The data subject has the right to object to the processing of his/hers personal data for direct marketing purposes at any given time. The data subject may provide the Association with channel-specific consents and restrictions (e.g. prohibit marketing via email).

In addition, the data subject has per se following rights at any time in accordance with applicable data protection legislation:

• receive information about the processing of his/hers personal data;

• have access to his/hers own personal data and inspect his/hers personal data processed by the Association;

• demand correction and supplementation of inaccurate or incorrect personal data;

• demand the removal of own personal data;

• withdraw his/hers consent and object to the processing of personal data insofar as the processing of personal data is based on consent;

• receive his/hers personal data in digital form and transfer those to another service provider given that the data subject has delivered the data to the Association personally, the Association processes the personal data in question based on consent and the processing is automatic; and

• demand the processing of his/hers personal data to be restricted.

The data subject must submit the request for execution of the above-mentioned according to section 13 of this privacy statement. The Association may ask the data subject to specify the request in writing and verify the data subject’s identity before processing the request. The Association may refuse to execute the request based on applicable legislation.

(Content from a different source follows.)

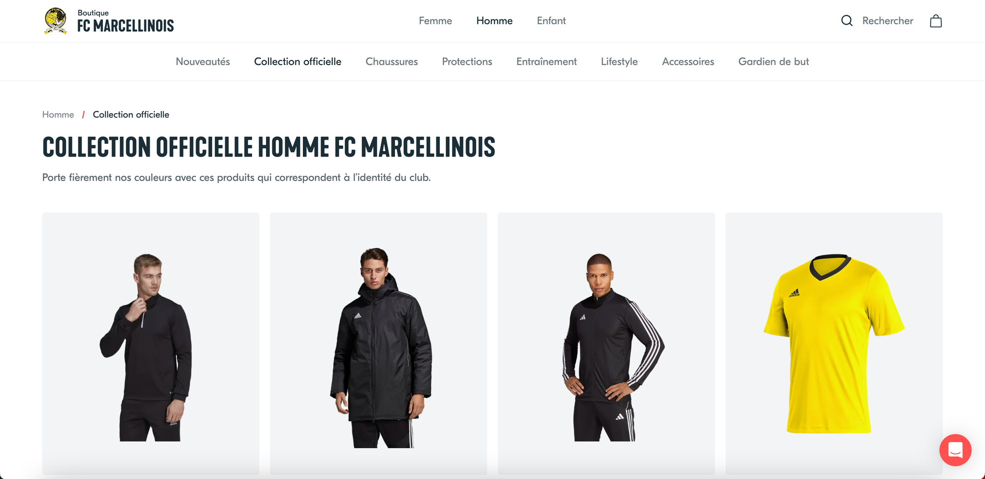 Vincent a su parfaitement exploiter toutes les fonctionnalités de la boutique pour faire en sorte que le lancement de cette dernière soit un succès. Il a notamment configuré la collection officielle du Football Club Marcellinois pour mettre en avant une sélection de produits correspondant à l'identité du club.

Each data subject has the right to complain to the relevant supervising authorities or to the supervisory authorities of the Member State of the European Union where the data subject’s resident or workplace is located if the data subject sees that his/hers personal data has not been processed according to applicable data protection legislation.

Requests considering the data subject’s rights, questions about this privacy statement and other contacts should be sent via email to the contact person.

Contact person: Heidi Riihimäki, Executive Director
Email: heidi.riihimaki@ky.fi

The data subject may also contact us personally or in writing at the address below:

Aalto-yliopiston kauppatieteiden ylioppilaat ry
Konemiehentie 4
02150 Espoo

This privacy statement has been accepted by the Executive Board of the Association in its meeting on 4.3.2021. This privacy statement can be updated from time to time, for example, when legislation changes. This privacy statement was last updated 5.4.2023.